The concept of the circuit was first used in economics by the Physiocrats of 18th century France. They viewed production as a cycle beginning with advances, that is, capital expenditure, and ending when the goods that had been produced were sold. To that extent, the late 20th century revival of the circuit concept by Bernard Schmitt (1960, 1966, 1984), Jacques Le Bourva (1962), Alain Barrère (1979, 1990) and Alain Parguez (1975), was a salute to a French tradition. This is not the whole story, though.
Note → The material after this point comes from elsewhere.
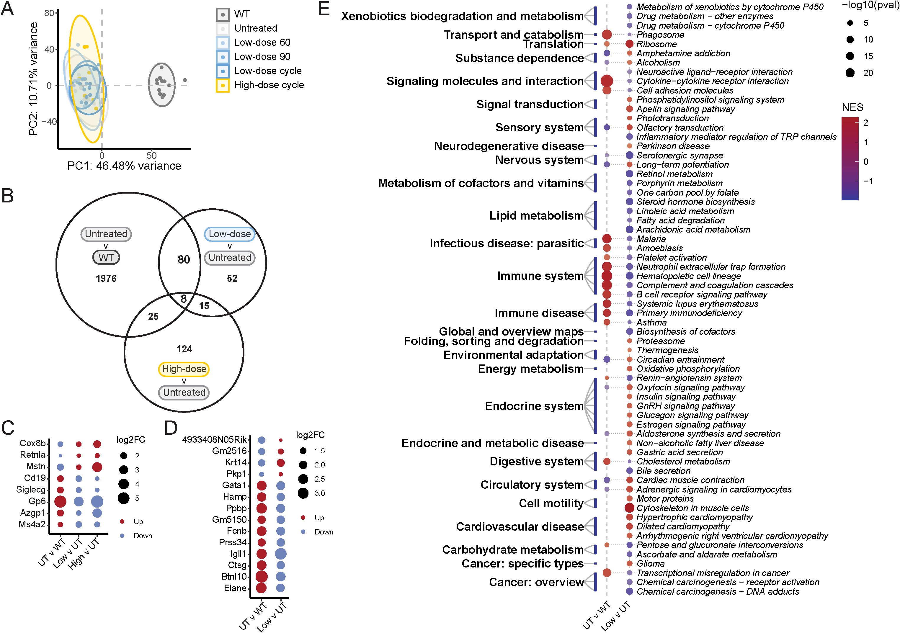 Figure 5. Transcriptomics analysis of spinal cord from tofacitinib-treated and untreated SOD1G93A mice. (A) Principal component analysis; color indicates treatment group after correction by cohort. (B) Comparisons of overlapping and unique differentially expressed genes (DEGs) across all three comparisons – untreated ALS versus untreated wild-type (UT v WT), low-dose tofacitinib versus untreated ALS mice (Low v UT), and high-dose tofacitinib versus untreated ALS mice (High v UT). (C) Expression levels of eight DEGs shared by all three comparisons. (D) Expression levels of top 10 DEGs each for untreated ALS versus untreated WT and low-dose tofacitinib versus untreated ALS by log2(fold-change) (log2FC). See Supplementary Table S3 for the complete list of DEGs. (E) Gene set enrichment analysis of untreated ALS versus untreated WT and low-dose tofacitinib versus untreated ALS. See Supplementary Table S4 for the complete list of GSEA results. A cutoff of p < 0.05 and |log2(fold-change)| > 1 was used to identify DEGs. N = 58, 8–12 mice per group (A), 8–28 mice per group (B-E).

Circuitist thinking, although usually unsung, has in fact underpinned many approaches to economics from Marx to Keynes by way of Wicksell,1 Schumpeter, Kalecki and J. Robinson.2 Indeed, today’s French circuit school owes much to Keynes, to whom Schmitt, Barrère and Parguez all referred extensively. And it is Keynes’s heterodoxy, as opposed to the conventional neo-classical view of Keynes’s economics, that was their source of inspiration. Hence the affinities of French circuitists with post-Keynesians (for a detailed review of common ground and differences, see Deleplace and Nell, 1996, Arena, 1996, Rochon, 1999a).

Circuit theory also counts an Italian branch which emerged in the 1980s on Graziani’s (1989, 2003) initiative and which explicitly focuses on Keynes’s monetary theory of production (cf. Fontana and Realfonzo, 2005). French and Italian circuitist approaches have also inspired post-Keynesians outside Europe, especially in Canada (Lavoie, 1984; Rochon, 1999; and Seccareccia, 1996). This affinity between circuit theory and Keynes’s heterodoxy and now post-Keynesian theory will be a recurrent theme in this paper. It should help readers familiar with post-Keynesian literature to grasp the significance of the circuit approach and help also to confirm its veracity. 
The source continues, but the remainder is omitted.